Aim of the exercise: A single stretch of the material below is to be transcribed exactly, starting at the line with "- 【Moisturizing】 Our" and ending after the line with "作者把快乐刻画得那么丰厚,每".

Record set: Begin

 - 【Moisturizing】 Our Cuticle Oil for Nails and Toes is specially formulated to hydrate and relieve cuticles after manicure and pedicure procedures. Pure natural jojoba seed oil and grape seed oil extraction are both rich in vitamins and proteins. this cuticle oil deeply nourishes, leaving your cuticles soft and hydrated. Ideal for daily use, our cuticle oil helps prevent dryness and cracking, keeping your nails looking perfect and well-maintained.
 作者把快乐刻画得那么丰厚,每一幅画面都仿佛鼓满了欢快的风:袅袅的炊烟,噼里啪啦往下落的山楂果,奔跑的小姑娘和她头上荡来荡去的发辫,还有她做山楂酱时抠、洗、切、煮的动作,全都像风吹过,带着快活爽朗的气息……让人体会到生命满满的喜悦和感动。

Record set: End
Record set: Begin

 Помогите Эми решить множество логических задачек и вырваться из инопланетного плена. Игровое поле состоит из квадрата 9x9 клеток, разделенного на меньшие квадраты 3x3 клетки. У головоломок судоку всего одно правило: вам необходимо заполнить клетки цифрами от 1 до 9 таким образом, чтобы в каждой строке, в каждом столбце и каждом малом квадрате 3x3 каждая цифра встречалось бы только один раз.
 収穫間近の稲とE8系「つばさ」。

Record set: End
Record set: Begin

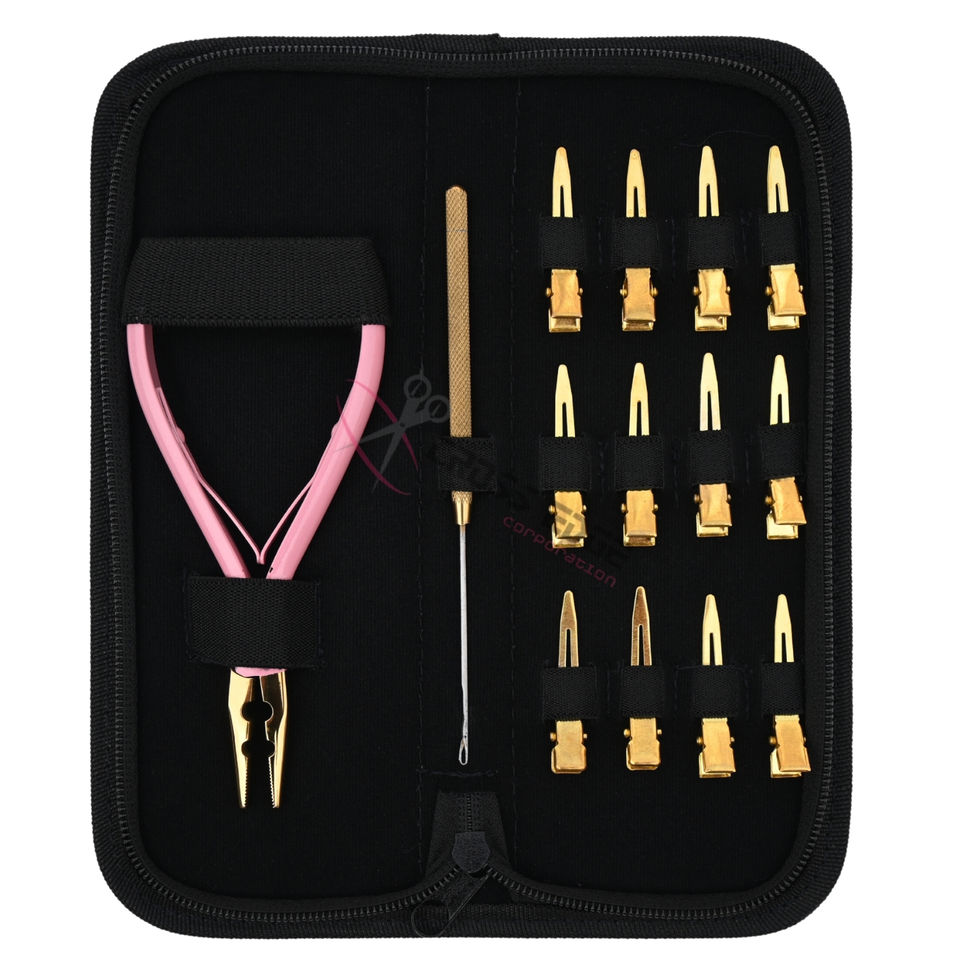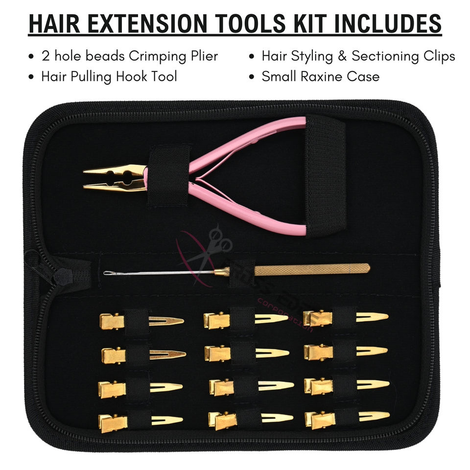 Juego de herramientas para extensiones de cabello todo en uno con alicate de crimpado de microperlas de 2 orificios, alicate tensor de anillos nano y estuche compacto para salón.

Record set: End

Exercise output:
 - 【Moisturizing】 Our Cuticle Oil for Nails and Toes is specially formulated to hydrate and relieve cuticles after manicure and pedicure procedures. Pure natural jojoba seed oil and grape seed oil extraction are both rich in vitamins and proteins. this cuticle oil deeply nourishes, leaving your cuticles soft and hydrated. Ideal for daily use, our cuticle oil helps prevent dryness and cracking, keeping your nails looking perfect and well-maintained.
 作者把快乐刻画得那么丰厚,每一幅画面都仿佛鼓满了欢快的风:袅袅的炊烟,噼里啪啦往下落的山楂果,奔跑的小姑娘和她头上荡来荡去的发辫,还有她做山楂酱时抠、洗、切、煮的动作,全都像风吹过,带着快活爽朗的气息……让人体会到生命满满的喜悦和感动。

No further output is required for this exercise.